Я сидел и смотрел телик, просматривая отснятый материал в поисках любой мало-мальской подсказки.
На экране красовались стандартные кадры устройства челнока – длинные ряды криокапсул в трюме, которые теперь были опущены на палубу для декантации и просвечивались синим светом сканеров, загадочные сложенные конструкции из плит и мигающие огоньки комнаты управления, каюты экипажа, после нулевой гравитации и хаоса двух дней полета забитые личным хламом, трубопроводы, трапы, коридоры и – вот оно! – в течение всего пары секунд камера скользит мимо невинного, плотно задраенного люка в недрах корабля. Он не черный – вопреки мифам и фильмам, они никогда не бывают черными, – но отличительные знаки и мигающие на девственно-белой поверхности огоньки не оставляют пространства для ошибки.
УСТРАНЕНИЕ ЧРЕЗВЫЧАЙНЫХ СИТУАЦИЙ. БОРТОВАЯ СИСТЕМА РЕАГИРОВАНИЯ НА АВАРИЙНЫЕ СИТУАЦИИ. ЛЮК ВЗВЕДЕН И ПОД СИГНАЛИЗАЦИЕЙ – НЕ ОТКРЫВАТЬ. ДОСТУП ЭКИПАЖА ЗАПРЕЩЕН.
Разумеется, прочитать все это за время, пока камера проносилась мимо, было невозможно, но мне это и не требовалось.

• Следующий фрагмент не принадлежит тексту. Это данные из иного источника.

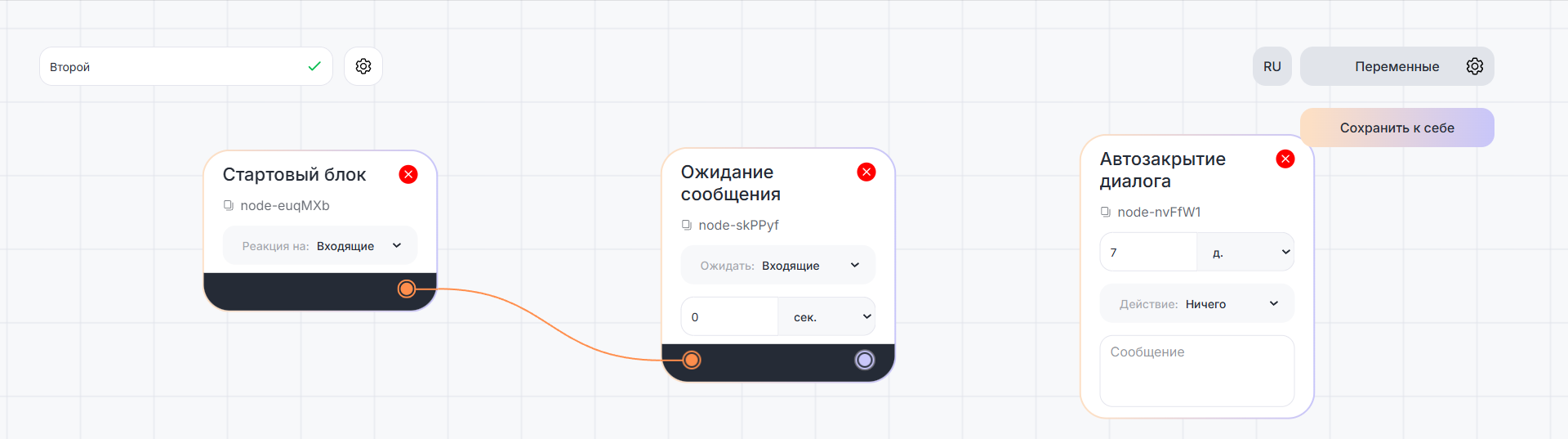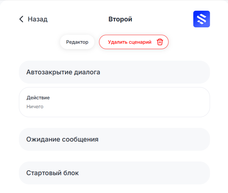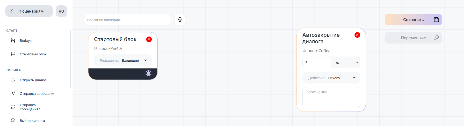 Блоки «Поведение» — самодостаточные. Их не нужно связывать с другими. Если блоки «Автозакрытие диалога» и «Нерабочее время» находятся в рабочей области, они влияют на весь сценарий в целом.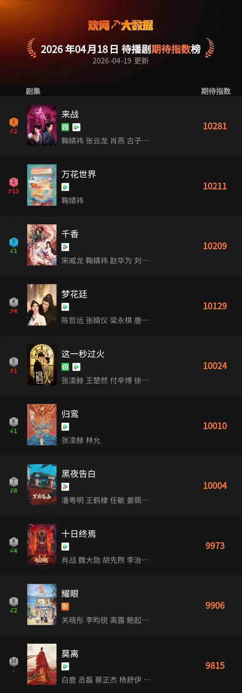 4月18日 欢网大数据【待播剧】期待指数TOP10来了!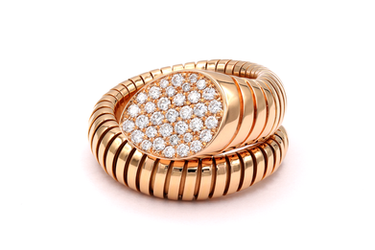 The flexible ring in 18K red gold has a gold weight of 13.50 grams. The comfortable ring is set with 35 brilliant cut diamonds in F-si quality, totaling 0.55 carats.
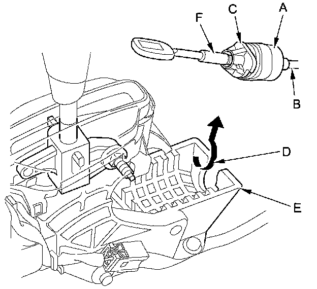 4. Rotate the socket holder (A) on the shift cable (B) a quarter turn; the corner (C) on the socket holder will be in the opening (D) of the shift lever bracket base (E). Then slide the socket holder to remove the shift cable from the bracket. Do not remove the shift cable by pulling the shift cable guide (F).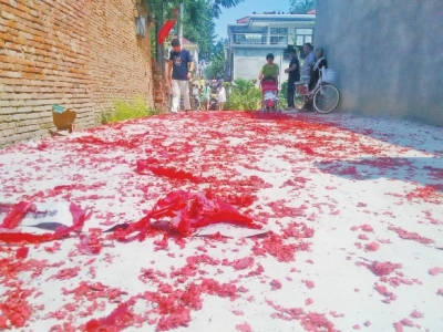 鄉(xiāng)親們燃放鞭炮,慶祝女排奪冠。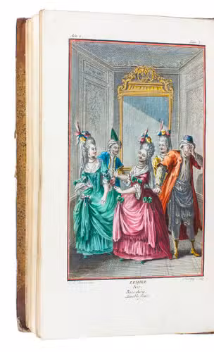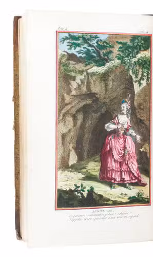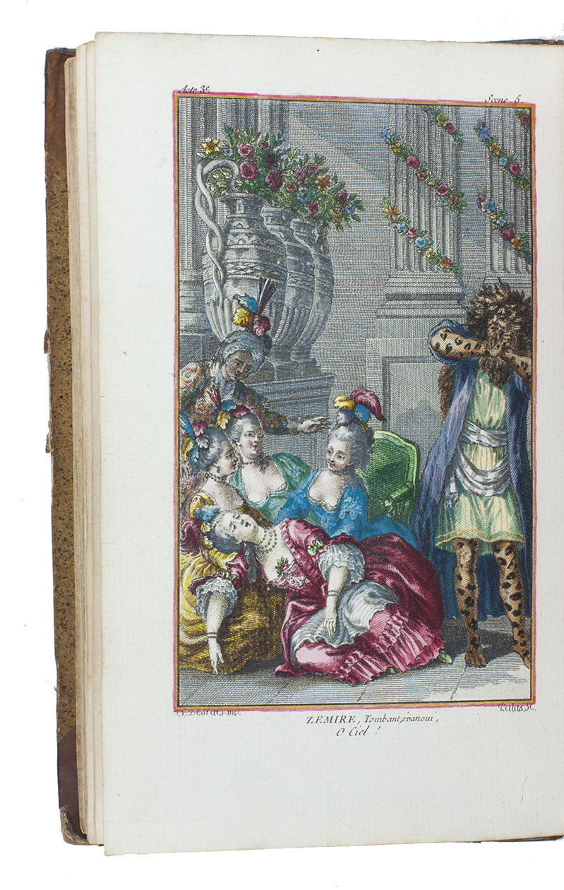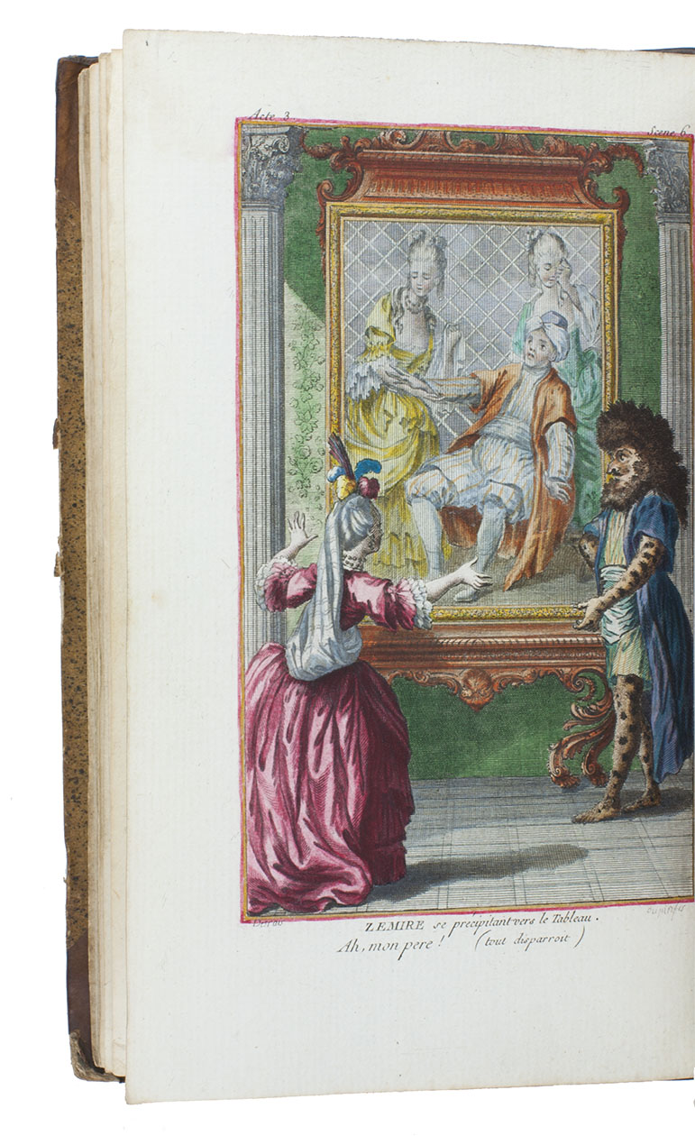 Amsterdam, Jan Helders, Abraham Mars, 1783. 8vo. With an engraved title page including a vignette by H.L. Meyling, a letterpress title page with an emblematic engraved vignette by Reinier Vinkeles. Extra added in this copy are an additional letterpress title page, also dated "1783", but with a portrait of Pieter Pijpers engraved by Theodorus Koning dated 1789, accompanied by the letterpress explanatory leaf with a poem "Op myne afbeelding door Theodorus Koning", dated 1789, signed by Pijpers in brown ink. Further with 3 extra added engraved plates (2 full-page and 1 half-page), plus 1 repeated in an earlier state with no lettering, depicting scenes from the play by various Dutch artists (A. Fokke, H.L. Myling, W. Immink, A. Hulk Jacobsz), 1 dated 1784. And finally with 6 engraved plates by various French artists, made for the original French edition. The engraved title is richly coloured and highlighted with gold (incl. the lettering) by a contemporary hand. The 6 French plates are splendidly coloured and highlighted with gold and gum arabic by a contemporary hand. Contemporary half calf, gold-tooled spine with one brown and a green morocco title label lettered in gold and fleurons in the remaining compartments, sprinkled paper sides. [16], 76, [2] pp.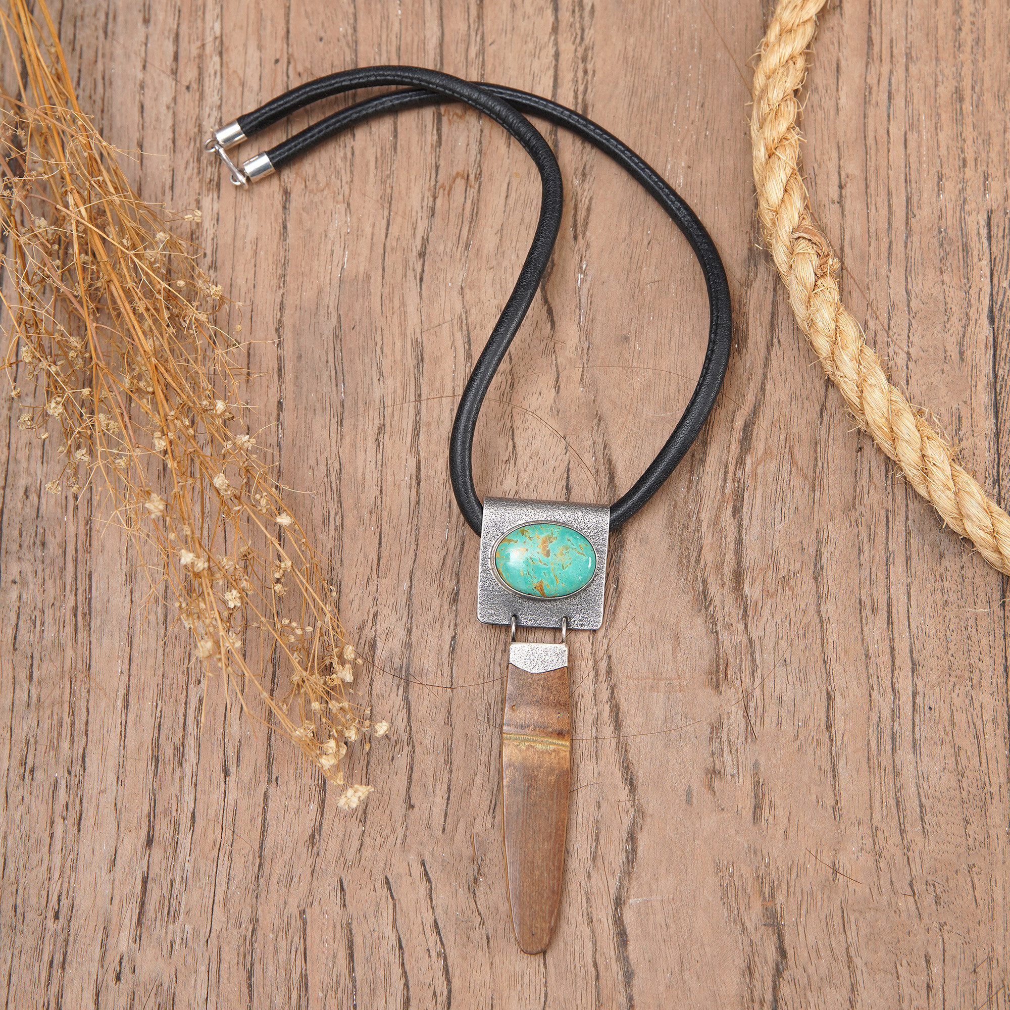 This unusual necklace brings together contrasting textures and materials. Natural turquoise and bamboo create modern imagery. By Warren and Robbin from Indonesia, each piece is individually handcrafted, with slight variations which grant each a distinct personality. The addition of .925 sterling silver and black leather cord elevate this necklace and make it a memorable accessory.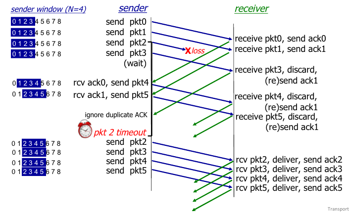 - Senders timeout, retransmit individualy for unACKed packet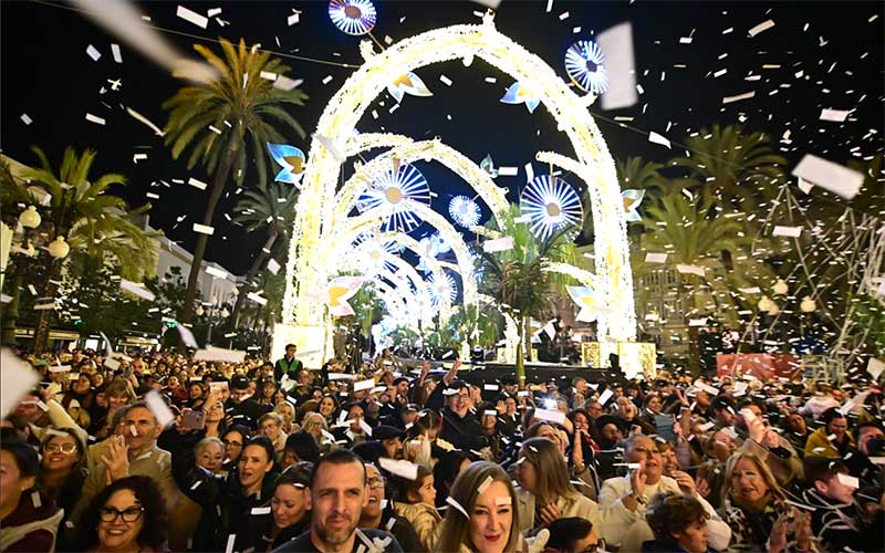 En la capital gaditana, donde se ha lanzado la campaña ‘Una Navidad para Cádiz’ con más de un centenar de actividades y acciones hasta la cabalgata de Reyes, repartidos por el casco histórico y barrios de extramuros, el acto del encendido de las luces (retransmitido en directo por Onda Cádiz) se ha centralizado en una abarrotada plaza de San Juan de Dios.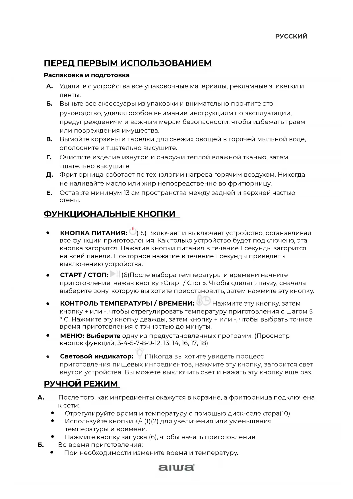 Б. Выньте все аксессуары из упаковки и внимательно прочтите это руководство, уделяя особое внимание инструкциям по эксплуатации, предупреждениям и важным мерам безопасности, чтобы избежать травм или повреждения имущества. В. Вымойте корзины и тарелки для свежих овощей в горячей мыльной воде, ополосните и тщательно высушите. Г. Очистите изделие изнутри и снаружи теплой влажной тканью, затем тщательно высушите. Д. Фритюрница работает по технологии нагрева горячим воздухом. Никогда не наливайте масло или жир непосредственно во фритюрницу. Е. Оставьте минимум 13 см пространства между задней и верхней частью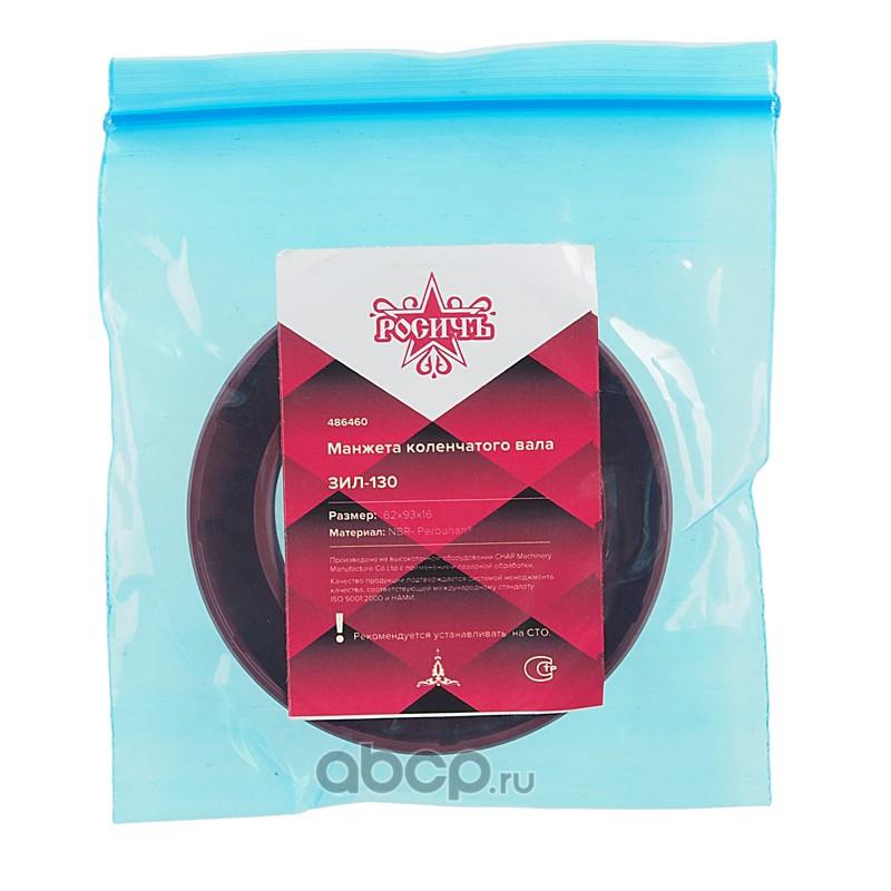 | РОСИЧЪ | 486460 | Сальник коленвала ЗИЛ-130 62х93х16 РОСИЧЪ | ||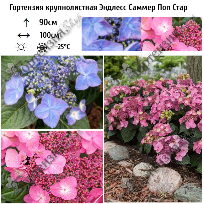 Гортензия крупнолистная Эндлесс Саммер ‘Pop Star’ - эта улучшенная серия Бесконечное лето, которая цветет так, как вы никогда раньше не видели, обильно сверху донизу в течение всего сезона и придавая ландшафту ослепительный колорит. Компактный и обильноцветущий куст высотой не более 60- 90 см, который привнесет яркие незабываемые краски в ваш сад.  Гортензия Pop Star отличается эффектными электрически-голубыми или ярко-розовыми цветами, в зависимости от кислотности почвы. Pop Star®, как и вся линейка гортензий Endless Summer®, способна цвести не только на побегах прошлого года, но и повторно цвести на побегах текущего года. Цветение начинается летом и продолжается в течение всего сезона. Побеги крепкие, несгибаемые. Идеально для использования в кашпо на террасе, балконе или открытом патио, в качестве бордюра или для групповых посадок в саду.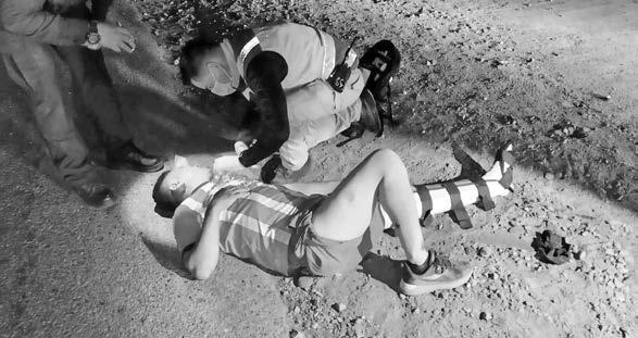 pos de emergencia quiénes le brindaron la atención prehospitalaria a una de las víctimas que sobrevivió al ataque armado, presentó tres impactos de bala, uno en una pierna, otro en el glúteo y uno presuntamente en la cabeza.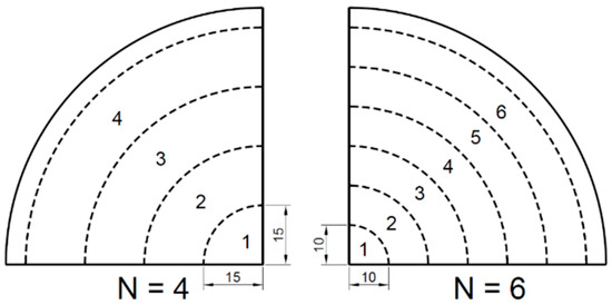 Figure 2 displays that the surface of the PLA sheet was equally divided into a number of zones (N), i.e., N = 4 and N = 6, by two different division distances (15 and 10 mm). Each zone had a unique processing temperature (Tp) to guarantee the axisymmetric deformation. The nodal temperatures in the FEA model were defined at a range from Tp = 72 to 77 °C and considered to be constant in a short duration of forming process (of 0.2 s). The temperature of the elements crossing the edge of two adjacent zones was interpolated by the nodal temperature.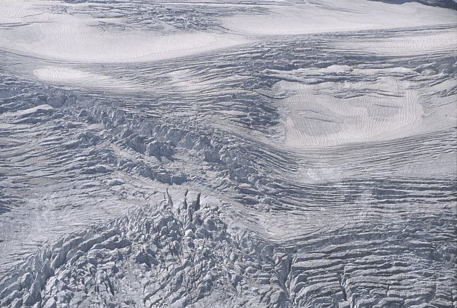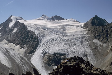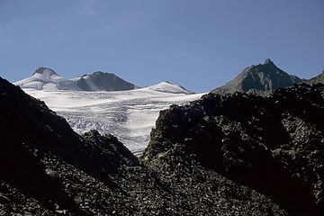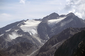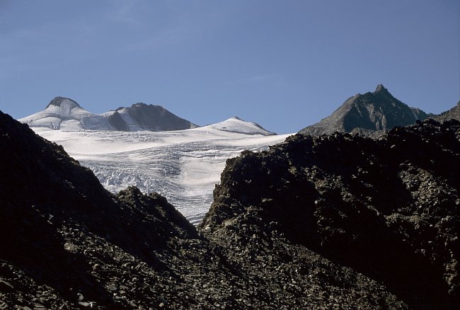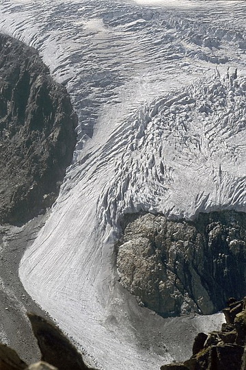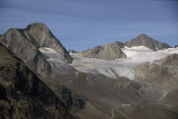 The glacier which years ago ended in a second icefall above the Sulzenau Hut is now gently running out already below the first one.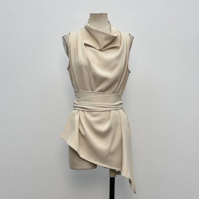 High-end Satin Cowl Neck Sleeveless Waist-cinched Top Irregular Hem Elegant Commute Top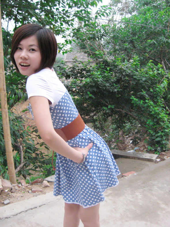 波点牛仔抹胸假两件连衣裙+宽系带百搭腰带=可爱公主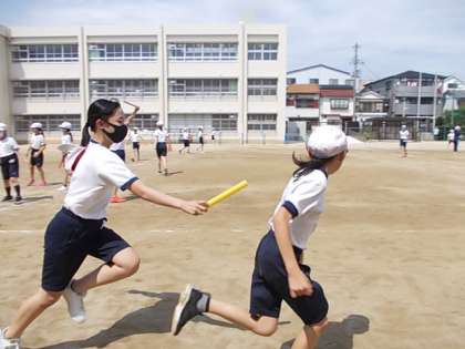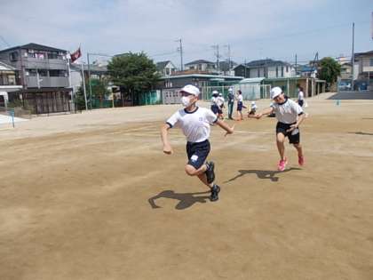 グループでリレーの学習に取り組んでいます。これまでの自分たちのタイムを更新するためには,バトンタッチの上達が必須!全速力でバトンの受け渡しができるよう練習しています。

Я и так знал, что там написано.
Посреди люка, подобно биению сердца, медленно пульсировал зеленый огонек. Он был там.
Или она. Хотя это и не так распространено, как любят думать одержимые сексом и резней в космосе имбецилы. Женщины занимаются такой работой, спору нет, просто не слишком часто и, как правило, недолго.
Для меня это была дюжина лет, плюс-минус, и я завязал вовсе не из желания завести семью или пересмотреть карьерные перспективы. В случае с оверрайдерами это так не работает. Когда тебя начинают готовить к профессии еще до твоего рождения, в генах должно оказаться нечто крайне необычное, чтобы появилось желание уйти, и со мной никогда не происходило ничего, подходящего под это описание. Межпланетная компания по силовой и охранной логистике «Блонд Вайсьютис» снарядила меня для определенной цели и отправила в небеса в качестве никем не превзойденного сторожа.
И в конце именно «Блонд Вайсьютис» выставила меня на мороз.
Я откинулся на койку и закрыл глаза. Еще раз увидел пульсирующий зеленым огонек.
«Как давно ты в отключке, мой видящий холодные сны брат?»
Всего один рейс, или же они постоянно возят его туда-обратно так, как, по мнению Рубена Гроэлла, сейчас все и обстоит?
– Они обращаются с нами словно с грузом, – ворчит он как-то вечером, сидя в «Учу» за стаканами «Марки». – Туда и обратно, туда и обратно, туда и, блядь, обратно. И пойми, если в наши дни откажешься подписывать пункт о нулевом декантировании, то можешь помахать ручкой примерно половине контрактов с приличной оплатой. Говорю, брат, тебе повезло, что ты вовремя выбрался.
– Можно и так взглянуть на ситуацию.
Он замечает выражение моего лица прежде, чем я успеваю опустить взгляд.
– Брось, Хак, я не это имел в виду. Ну да, «Блонд Вайсьютис» слили тебя, я это знаю, но они слили кучу людей. Они – гребаная межпланетная охранная фирма, они этим на жизнь зарабатывают. Но серьезно. Неужели ты бы хотел вернуться, даже если бы мог? Снова и снова уходить в Большой Холод и гадать, не заработаешь ли в следующий раз, когда тебя декантируют, летальный случай Ганимедского обморожения?
– Брось, Руби. Когда ты в последний раз слышал, чтобы Ганимедская морозилка кого-то убивала?
– Это не значит, что такого не случается. Думаешь, они бы нам рассказали?
– Я думаю, что технология улучшились, брат. И, по правде говоря, могу вспомнить гораздо больше хероты, которая нервировала меня куда сильнее в этой работе.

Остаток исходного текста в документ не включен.